Claudia Pfeil will be teaching six, hands on, stand up longarm classes that allow for two students per machine head:
Pimp My Quilt! on Monday 1012N and Saturday 6015N
Paisley Parade on Tuesday 2017N
Bubbles, Curves & Straight Lines – A Way to Modern Quilting on Wednesday 3016N 
Claudia’s (P)fantastic (P)freemotion Borders on Thursday 4015N
And on Friday 5016N Modern (P)freemotion Wholecloth
At Road to California 2017, several of the class instructors are coming from outside the United States and Claudia Pfeil is one of those teachers. Claudia is from Germany. She grew up in Hemer and has lived in Krefeld since 1985. A town with a population of 240,000 in the mid-west part of Germany, close to the border of Belgium and Netherlands, Krefeld is known as the “Town of Velvet and Silk” because of its history of silk weaving.
Growing up in a family of bankers, Claudia was the one who loved to draw and paint. She tried everything from pottery, silk painting, water color painting, and even making carpets out of knots. When she graduated from school, she moved to Dortmund and started an apprenticeship as a display designer in a warehouse. It was through that job that in 1985 she was first exposed to quilting by attending
Creativa –Europe’s leading exhibition for creative design.

The biggest sewing project Claudia has ever done was the first quilt she ever made. It was made without using any rotary cutters or rulers and the basic sewing machine she used could only secure the layers for hand quilting. She taught herself the tricks of making templates and seams. According to Claudia, “there was much ‘trial and error’.”
After the birth of her first son, Julian, in 1992, Claudia delved in to quilting. She found some fabric pieces she had stored away; 12 inch squares she had woven on a 16 shaft loom while attending university. She just knew they belonged in a quilt. Needing thread to put the quilt together, Claudia went to a local sewing shop and they introduced her to her first rotary cutter, mat and quilting ruler. With perseverance, Claudia set out to “learn by doing.” She recalls that those “experimental times gave her the courage to improvise. I was soooo happy and I got hooked.” Looking back, Claudia says, “I have to smile about my self-confidence without having any clue.”
Claudia has been a student of textile design, an independent textile designer, a patchwork quilting teacher, and a quilt shop owner.

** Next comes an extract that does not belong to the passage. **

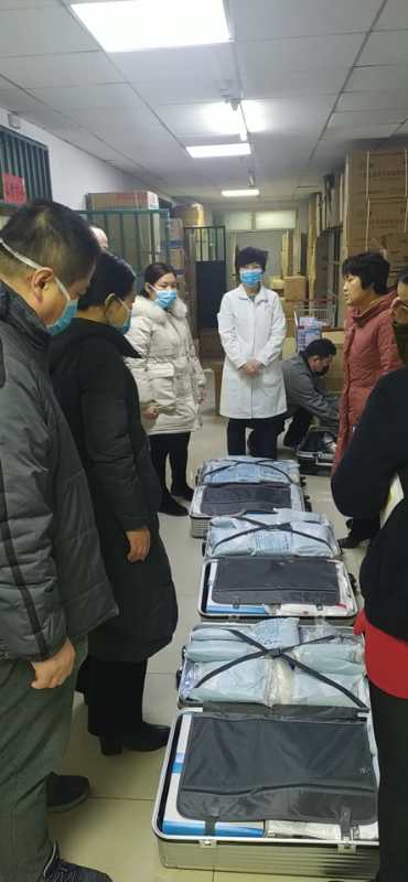 根据赴武汉文件要求,及时为一线人员调配各类物资,配备了常用药品、防护用品、生活用品和食物共计70余个品种、近300件物品,包括防疫口罩、各种防护服、鞋套、药品、消杀物品及日用品。在得知武汉队员住宿条件差后,及时给3位援鄂一线人员购置羽绒服、保暖衣、电热毯等。考虑队员赴武汉后对南方饮食习惯不适应,又及时准备了方便面、饼干、巧克力、火腿肠、水果。3位队员赴武汉后,医院及时为他们购买了电话卡,费用由医院负担,切实保证通讯畅通。

But she says her world changed completely in the spring of 2005 when she bought an APQS Longarm.
Having taught throughout the United States, Australia, and Europe, Road 2017 will be Claudia’s first time at the show. She says, “I am really happy and proud to be invited.” All of her classes are hands on, longarm quilting classes. Her goal is to set her students free to think out of the box. She hopes they will leave the classroom with a big smile on their face, happy and proud of themselves, and remember her tips when they go home to work on their projects.